Zubair Ahmed Bader argues that the absence of any hostility in earlier cases of two similar judgments-in the Bai Tahira and Fazlunbail cases-evokes significant questions around the political opportunism of minority community leadership and their intentions to widen their sphere of influence.
Rina Williams writes that the passage of Muslim Women Bill in Parliament, despite exhaustive hostility to the bill from different sections of the society, buttressed the conservative voice in the minority community and marginalized the progressive one.
SP Sathe writes that the word ‘Uniform’ contained in Article 44 does not mean the extension of majority laws to all communities, for it would only make for ‘common’ law, and not necessarily ‘uniform’ law. Rather, a uniform application of laws means that every community must be governed by uniform principles of gender and human justice.
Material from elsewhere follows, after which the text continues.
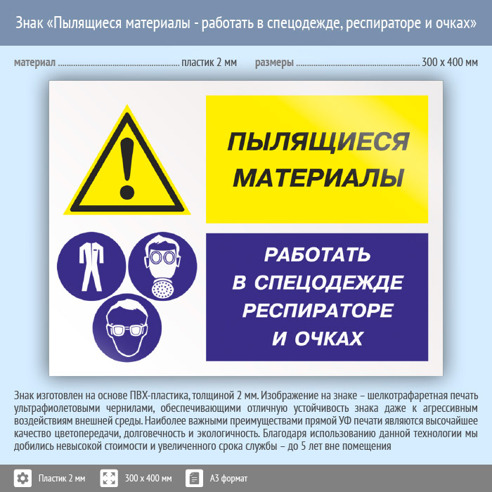 Знак «Пылящиеся материалы - работать в спецодежде, респираторе и очках», КЗ-79 (пластик, 400х300 мм) в Лобне купить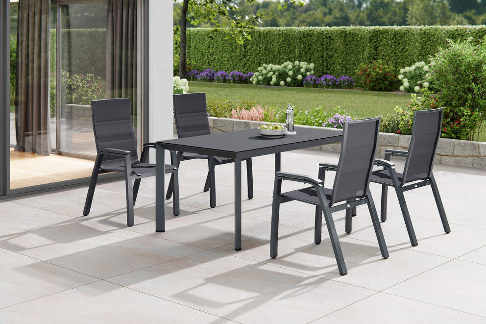 Erleben Sie mit der SIENA GARDEN Ricon/Milano Esstischgarnitur eine perfekte Kombination aus Funktion und Eleganz. Diese sorgfältig zusammengestellte Garnitur bringt eine stilvolle Atmosphäre in jeden Garten und jede Terrasse. Die anthrazitfarbenen Aluminiumrahmen des Tisches und der Sessel bieten nicht nur eine moderne Optik, sondern gewährleisten auch Langlebigkeit und Stabilität.

Nivedita Menon writes that complete abrogation of personal laws in the prevailing social and political conditions look difficult because of right wing forces increasingly using personal laws in their rhetoric against the minority community and the resultant counter mobilization by the fundamentalist forces. However, post the Shah Bano judgment, women’s movement have introduced a shift from the demand of complete abrogation to a more moderate demand of –reforms within the personal laws to make them gender-just. This can be a more pragmatic approach in present circumstances.
Zubair Ahmad Bader writes that the there is need for restructuring of the identity structure of the minority community with civil reforms and socio-political justice, so that the religious identity moves down the ladder of the structure, before the complete introduction of UCC, which otherwise would cause resentment and be seen as a threat to minority identity.